ClearAll["Global`*"] (*Clear all variables*)
h := 6.63*10^-34; (* J.s, Planck's constant *)
hbar := (663*10^-34)/(100*2 \[Pi]); (* J.s, Reduced Planck's constant *)
q := 16/10*10^-19 ;  (* Coulomb, electron charge *)

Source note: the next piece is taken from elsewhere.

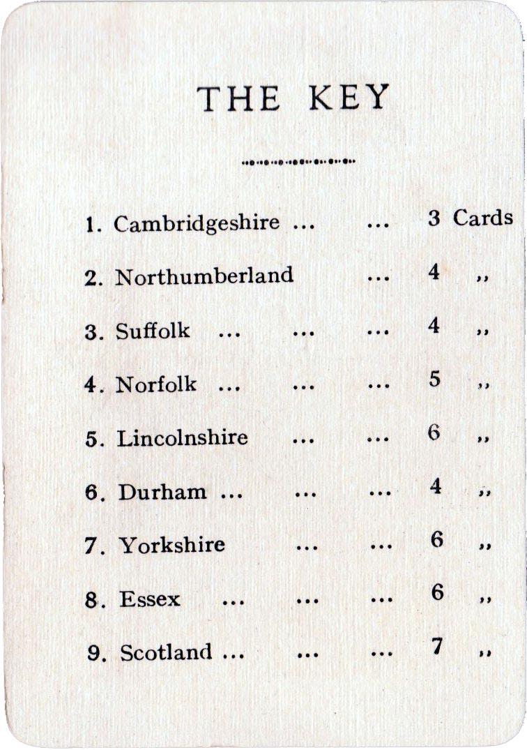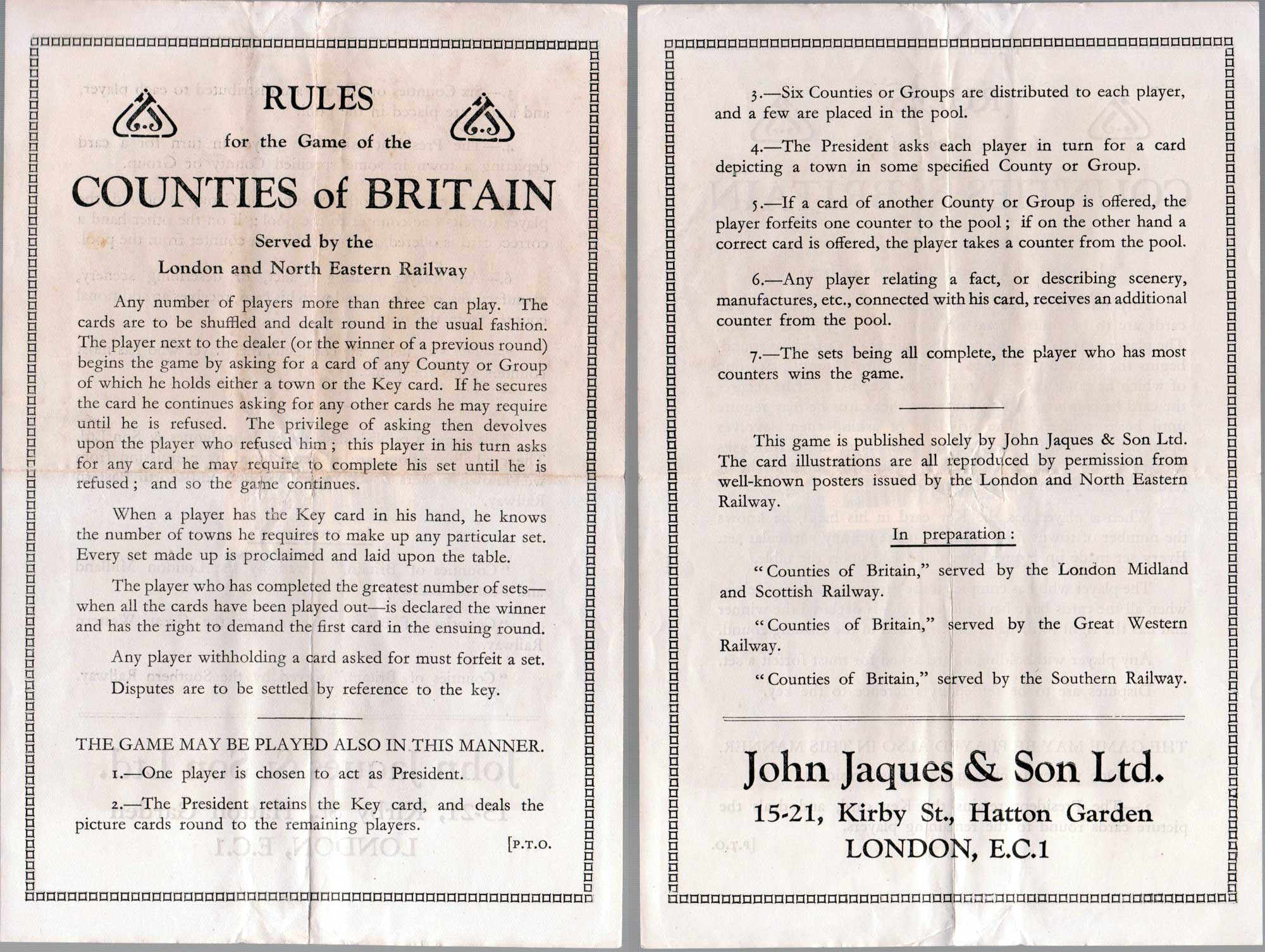 The Game of the Counties of Britain served by the London and North Eastern Railway, published by John Jaques & Son Ltd. c.1930. The pack contains nine sets of cards which are listed on the Key card. The picture cards are illustrated with reproductions of famous railway posters issued by the LNER. See the Rules►

m0 := 91/10*10^-31; (* kg free electron rest mass *)
a := 5.43*10^-10;
vss\[Sigma] := 2.03;
vsp\[Sigma] := 2.55;
vpp\[Sigma] := 4.55;
vpp\[Pi] := 1.09;
esa := -13.55;
esb := -13.55;
epa := -6.52;
epb := -6.52;
n1 := a/4*{1, 1, 1};
n2 := a/4*{-1, -1, 1};
n3 := a/4*{-1, 1, -1};
n4 := a/4*{1, -1, -1};
k = {k1, k1, k1};
g0[k_] = Exp[I*(k.n1)] + Exp[I*(k.n2)] + Exp[I*(k.n3)] + Exp[I*(k.n4)];
g1[k_] = Exp[I*(k.n1)] - Exp[I*(k.n2)] - Exp[I*(k.n3)] + Exp[I*(k.n4)];
g2[k_] = Exp[I*(k.n1)] - Exp[I*(k.n2)] + Exp[I*(k.n3)] - Exp[I*(k.n4)];
g3[k_] = Exp[I*(k.n1)] + Exp[I*(k.n2)] - Exp[I*(k.n3)] - Exp[I*(k.n4)];
v0 = vss\[Sigma];
v1 = 1/Sqrt[3]*vsp\[Sigma];
v2 = 1/3*vpp\[Sigma] - 2/3*vpp\[Pi];
v3 = 1/3*vpp\[Sigma] + 1/3*vpp\[Pi];

H [k_] = {{esa, 0, 0, 0, -v0*g0[k], v1*g1[k], v1*g2[k], v1*g3[k]},
        {0, epa, 0, 0, -v1*g1[k], v2*g0[k], v3*g3[k], v3*g2[k]},
         {0, 0, epa, 0, -v1*g2[k], v3*g3[k], v2*g0[k], v3*g1[k]},
         {0, 0, 0, epa, -v1*g3[k], v3*g2[k], v3*g1[k], v2*g0[k]},
   {-v0*g0[k]\[Conjugate], -v1*g1[k]\[Conjugate], -v1*
     g2[k]\[Conjugate], -v1*g3[k]\[Conjugate], esb, 0, 0, 0},
   {v1*g1[k]\[Conjugate], v2*g0[k]\[Conjugate], v3*g3[k]\[Conjugate], 
    v3*g2[k]\[Conjugate], 0, epb, 0, 0},
   {v1*g2[k]\[Conjugate], v3*g3[k]\[Conjugate], v2*g0[k]\[Conjugate], 
    v3*g1[k]\[Conjugate], 0, 0, epb, 0},
   {v1*g3[k]\[Conjugate], v3*g2[k]\[Conjugate], v3*g1[k]\[Conjugate], 
    v2*g0[k]\[Conjugate], 0, 0, 0, epb}};

Now, I want that k1 should be real, so that the eigenvalues of H are real. How do I put the condition that k1 is real, and therefore plot the 8 eigenvalues as a function of k1.